WORK TO BE COMPLETED: Only the pictures should be dropped; every line of the data must come back exactly as written.

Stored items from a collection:
================================
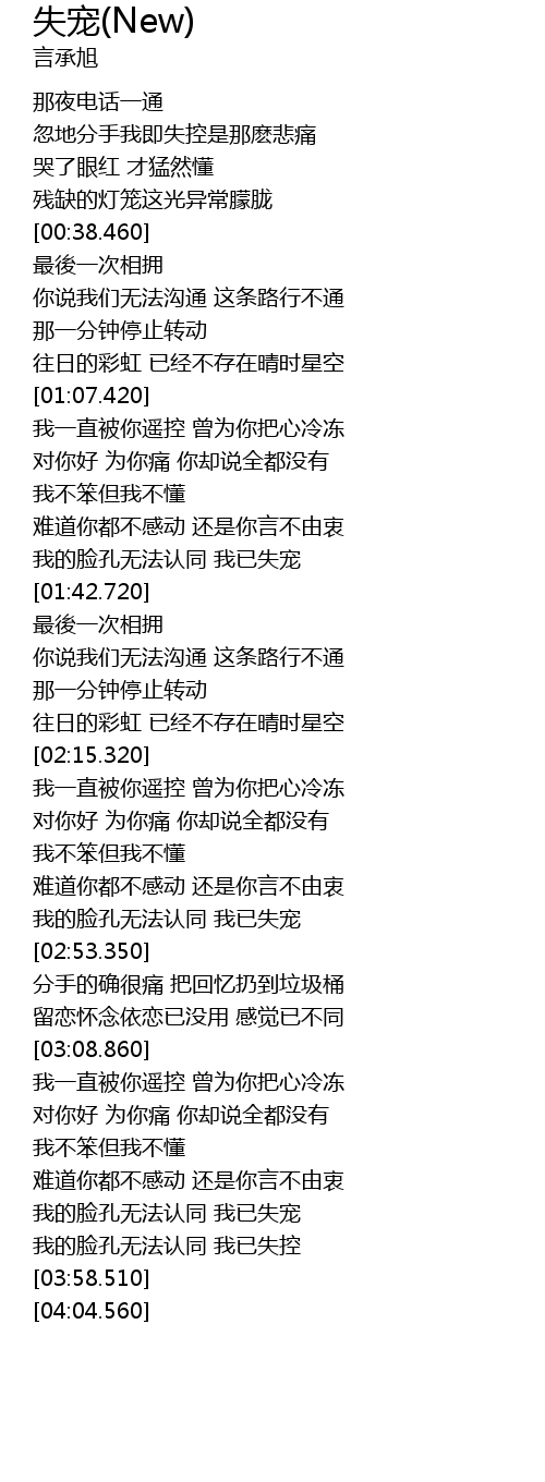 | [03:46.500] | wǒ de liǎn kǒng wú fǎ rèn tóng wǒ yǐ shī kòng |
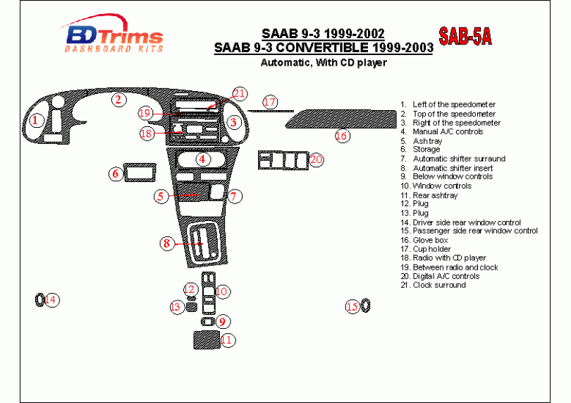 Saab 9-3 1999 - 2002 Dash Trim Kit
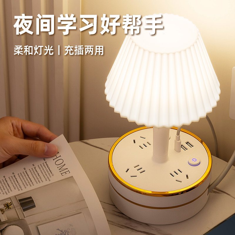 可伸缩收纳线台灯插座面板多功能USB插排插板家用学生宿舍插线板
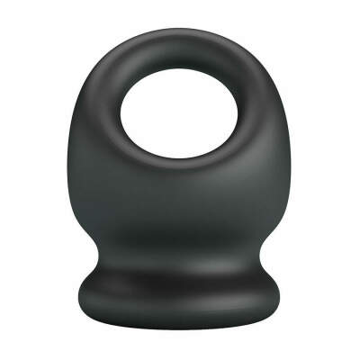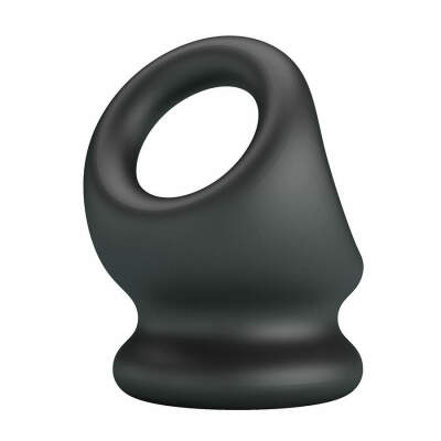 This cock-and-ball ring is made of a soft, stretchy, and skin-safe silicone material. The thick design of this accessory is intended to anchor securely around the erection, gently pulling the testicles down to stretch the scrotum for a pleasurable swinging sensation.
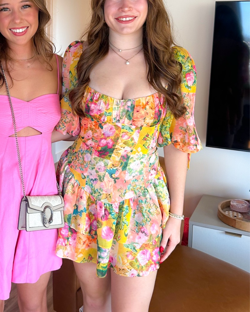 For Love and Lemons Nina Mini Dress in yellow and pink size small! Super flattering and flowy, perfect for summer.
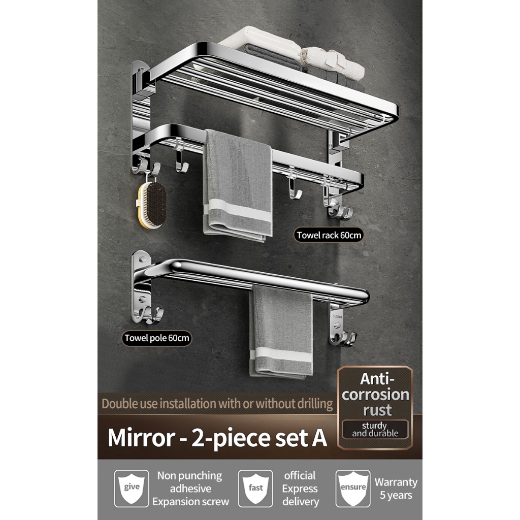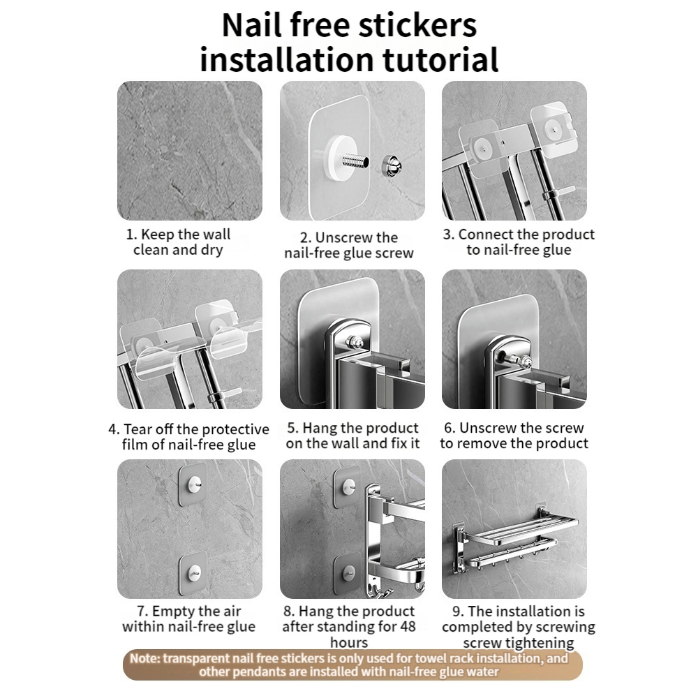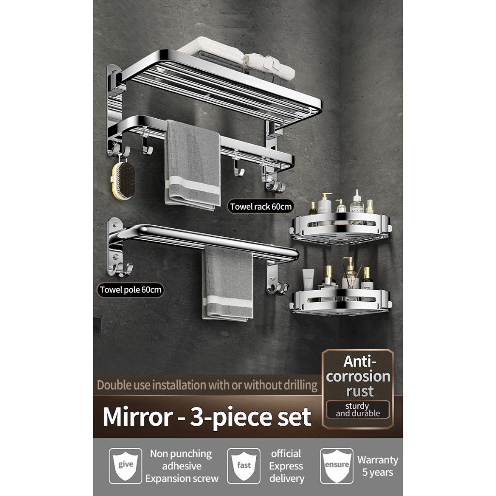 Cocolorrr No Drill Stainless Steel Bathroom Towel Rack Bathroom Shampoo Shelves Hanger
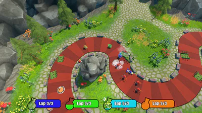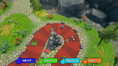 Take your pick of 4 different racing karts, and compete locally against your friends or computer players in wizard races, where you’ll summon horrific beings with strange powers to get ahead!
================================
ANSWER FOR THIS EXERCISE:
 | [03:46.500] | wǒ de liǎn kǒng wú fǎ rèn tóng wǒ yǐ shī kòng |
 Saab 9-3 1999 - 2002 Dash Trim Kit
 可伸缩收纳线台灯插座面板多功能USB插排插板家用学生宿舍插线板
 This cock-and-ball ring is made of a soft, stretchy, and skin-safe silicone material. The thick design of this accessory is intended to anchor securely around the erection, gently pulling the testicles down to stretch the scrotum for a pleasurable swinging sensation.
 For Love and Lemons Nina Mini Dress in yellow and pink size small! Super flattering and flowy, perfect for summer.
 Cocolorrr No Drill Stainless Steel Bathroom Towel Rack Bathroom Shampoo Shelves Hanger
 Take your pick of 4 different racing karts, and compete locally against your friends or computer players in wizard races, where you’ll summon horrific beings with strange powers to get ahead!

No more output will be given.